Our overarching conclusion was that risk of child death disproportionally affects poorer families.

When you compare Britain to the rest of Europe, we are one of the most unequal societies, with a growing gap [sic] between rich and poor.

It is no coincidence that our child mortality rates are also the worst.

This is a non sequitur. The prevalence and income of 'poorer families' is not related to the level of inequality. Income inequality is very low in a country like Namibia and very high in a country like Luxembourg. Neither statistic tells anything about poverty in those countries.

Wolfe may have made an honest category error in confusing the two measures. Lots of people do. Or she may genuinely believe that the economic variable of income inequality is causally linked to rates of infant mortality; that certainly seems to be what the reader is supposed to conclude. If so, she may have been influenced by The Spirit Level, which blames income inequality for almost everything. The authors of that book do not provide a single reference to support their claim that inequality 'causes' infant mortality and I have yet to meet anyone who can offer a plausible explanation for how it could cause a rare biological problem. Robert Waldmann suggested there might be a link in 1992, but his research has since concluded that the statistical association is actually the result of a third variable—healthcare spending (he explains it here).

When I give talks about The Spirit Level, I often say that the inequality hypothesis offers policy-makers a panacea. The Spirit Level suggests that almost every problem can be alleviated by reducing the income gap. This seems to good to be true and, like all panaceas, it is. I suggest that one of the dangers of swallowing The Spirit Level theory is that the real causes of health and social problems could be overlooked in the rush to adjust a single economic variable.

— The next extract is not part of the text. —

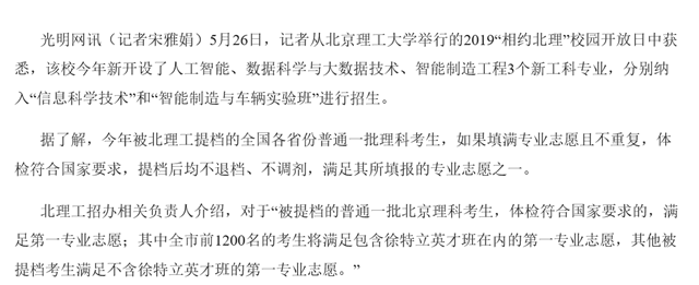 【光明网】北理工2019高招新增人工智能、大数据等3个专业

This is particularly true in the case of issues like infant mortality. Its causes are indeed complex (there is a whole chapter about it in The Spirit Level Delusion). Rates of infant mortality tend to be higher in the English speaking nations, lower in Europe and even lower in the richer Asian countries (including Singapore, which has a very unequal income distribution). Within the English speaking countries, rates are particularly high amongst certain ethnic groups (eg. Maoris, Aboriginals, African Americans, Pakistanis). And, as Wolfe correctly notes, rates are consistently highest amongst poorer groups.

I am convinced that much of the success of The Spirit Level results from people making the simple category error described above. If one wrongly assumes that rates of material deprivation are fixed to rates of income inequality, it is easy to conclude that reducing inequality will materially benefit the poor. This is simply incorrect. The two measures can easily go in different directions. Indeed, they have been going in different directions in Britain since 2008. Conversely, the living standards of the poor typically improve when income inequality grows. There is no correlation between income inequality and infant mortality over time.

Finally, it should be noted that the Lancet study itself does not mention smoking, drinking or inequality at any point. The points raised above are pure editorialising on the part of Wolfe and the BBC to make a political point from a non-political piece of research.